Ask and answer stupid questions here! - Page 136

The_Templar

your Country52797 Posts

August 28 2014 15:18 GMT

#2701

There was an argument in my information and coding class today about two binomial strings, where I was the only person who thought my point was valid at all.
1010101001 0001110101 0110100110 1001010100 1001001101
1000111010 0111101101 1110111111 1011001111 1100010110

Which of these is randomly generated, and which of these was created by a human?

Acrofales

Spain18132 Posts

August 28 2014 15:54 GMT

#2702

On August 29 2014 00:18 The_Templar wrote:
There was an argument in my information and coding class today about two binomial strings, where I was the only person who thought my point was valid at all.
1010101001 0001110101 0110100110 1001010100 1001001101
1000111010 0111101101 1110111111 1011001111 1100010110

Which of these is randomly generated, and which of these was created by a human?

Honestly, there's not really enough info to go on... what is the human trying to do when creating this? Generate a random sequence? Or give some kind of meaning? If he's trying to create a random sequence, I'll go with him writing the first sequence, because it has less long sequences and humans tend to think long sequences of subsequent characters are atypical of random strings. However, it's pretty tenuous.
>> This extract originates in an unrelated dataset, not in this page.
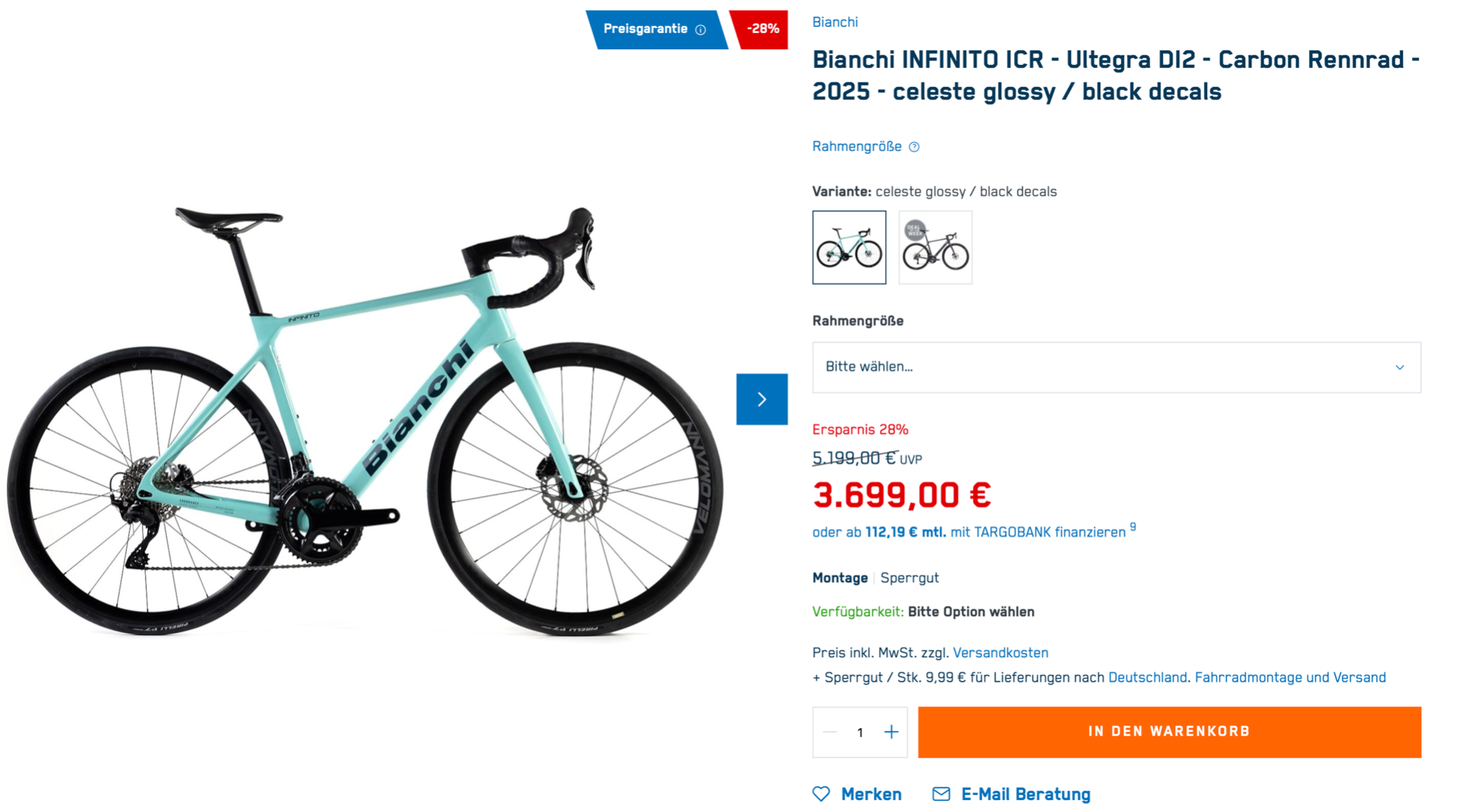 Und das nachdem das Rad hier gepostet wurde.Bianchi Infinito ICR Ultegra Di2 in Celeste und schwarz

EDIT: I say it's tenuous because these strings actually represent something else, and if we were to generate the objects they represent (for instance, integers between 0 and 1023) and then convert them to string form, this interpretation of human bias is invalidated. Another argument for maybe the second one is that the last 2 strings of the first sequence are quite similar (start with 10010). A "human random generator" doesn't like that kind of pattern either.

ComaDose

Canada10357 Posts

August 28 2014 16:04 GMT

#2703

wouldn't there be about the same chance that the computer generated either of those strings

Acrofales

Spain18132 Posts

August 28 2014 16:05 GMT

#2704

On August 29 2014 01:04 ComaDose wrote:
wouldn't there be about the same chance that the computer generated either of those strings

Yes. But I think the question is not so much about the computer, but about human bias.

Najda

United States3765 Posts

August 28 2014 16:49 GMT

#2705

First third fourth and fifth look most human generated since the longest string is only 2 digits. Radiolab has a really interesting podcast about randomness that I'd recommend for your entertainment, I can find the link later when I'm on m computer.

Zess

Adun Toridas!9144 Posts

August 28 2014 17:30 GMT

#2706

The probability of not having a run of 3 or more in a set of 10 Bernoulli trials is actually quite low, so the ones with just runs of 2 are more likely to be human generated.

The_Templar

your Country52797 Posts

August 28 2014 17:39 GMT

#2707

There are only two strings, I just happened to divide them into groups of ten

Najda

United States3765 Posts

August 28 2014 17:55 GMT

#2708

On August 29 2014 02:39 The_Templar wrote:
There are only two strings, I just happened to divide them into groups of ten

Oh I see that now, my phone broke the format and it's much more obvious on the computer. I'll just say the first string then.

LSB

United States5171 Posts

August 28 2014 18:52 GMT

#2709

For a serious answer.

Assumption #1: One of the strings is Human Generated, One of the Strings is Computer Generated
Assumption #2: The computer picks 0 and 1 at true random.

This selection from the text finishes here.